More people are urging Facebook to follow Google and Twitter and enable TFA with every login. Additionally, services such as Dropbox, WordPress, and Amazon Web Services offer optional two-factor authentication. The reason people are clamoring for this is quite simple. Just look at the headlines:
2 Million Stolen Passwords Recovered (Information Week)
More than 2 million stolen passwords found on hacker server (Chicago Tribune)
That would scare most people, but the headline that scared me was in USA Today last week: Four tips for creating stronger passwords. People, there are no stronger passwords. There's weak, weaker, and weakest. There are no passwords that a human can remember that will keep a determined miscreant (or government service) from cracking your account. None.

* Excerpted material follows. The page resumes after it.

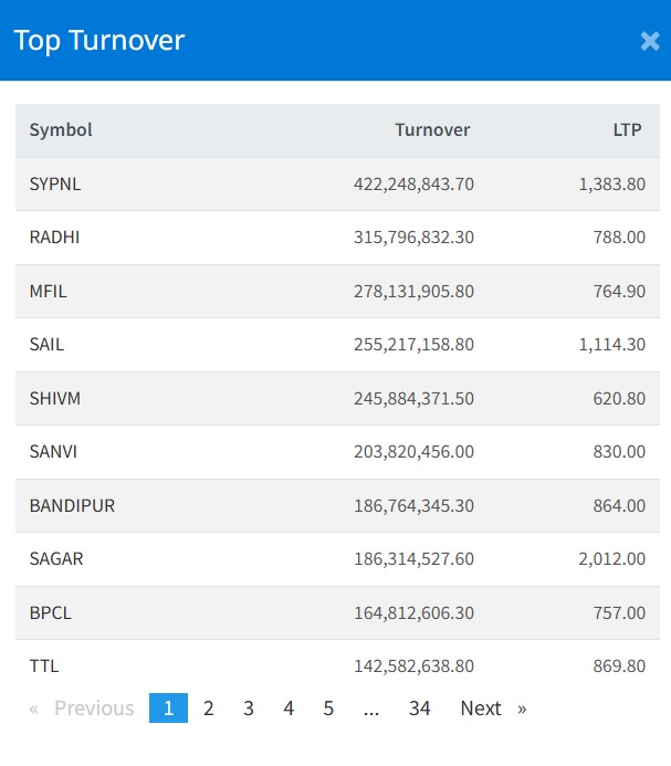 शेयर बजारमा सोमबार एसवाई प्यानलको सबैभन्दा बढी कारोबार भएको छ । कम्पनीको आज ४२ करोड २२ लाख रुपैयाँको शेयर खरिद–बिक्री भएको छ । साथै, राधी विद्युत कम्पनीको ३१ करोड ५७ लाख रुपैयाँ, मन्जु श्री फाइनान्सको २७ करोड ८१ लाख रुपैयाँ, श्रीनगर एग्रोटेकको २५ करोड ५२ लाख रुपैयाँ र शिवम् सिमेन्टको २४ करोड ५८ लाख रुपैयाँले सर्वाधिक कारोबार भएको छ ।

The TFA solution vendor Authentify surveyed 428 security pros at financial services, corporate information security, and health insurance providers. In that survey, 41% of respondents said they favored implementing a second authentication factor to strengthen login processes using passwords.
Why not eliminate passwords? According to a whopping 72.5% of Authentify respondents, passwords would continue to be used in their respective worlds. Most of us have given up trying to eliminate passwords. In February 2004, Bill Gates said, "There is no doubt that over time, people are going to rely less and less on passwords. People use the same password on different systems, they write them down and they just don't meet the challenge for anything you really want to secure." Well, we know how prescient he was.

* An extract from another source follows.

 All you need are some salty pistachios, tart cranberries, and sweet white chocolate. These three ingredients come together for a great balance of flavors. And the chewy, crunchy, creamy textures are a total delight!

The solution to the all-passwords-are-weak problem is for additional authentication methods to be used alongside the password. Biometrics (fingerprints, retina scans, vein readers, heart monitors, etc.) are an option -- one that I favor but has strong opposition in the marketplace. Tokens -- both hardware (like the RSA SecureID) and software (such as those provided by the SPML protocol) -- are currently the favored second factor. The Google, Facebook, and Twitter systems rely on software tokens delivered out of band (via a cellular network rather than the broadband network) helping to drive acceptance of that factor.
Apple introduced a fingerprint reader with the iPhone 5S. Samsung is reported to be working on an iris scanner for its upcoming phones. Both are steps to a workable, acceptable biometric second-factor solution. There are even rumors that Google will soon require two-factor authentication for many, if not all, of its services.
Maybe in the years to come, we will look back on 2013 as the year our accounts finally became secure. That certainly would be too freaking awesome, wouldn't it?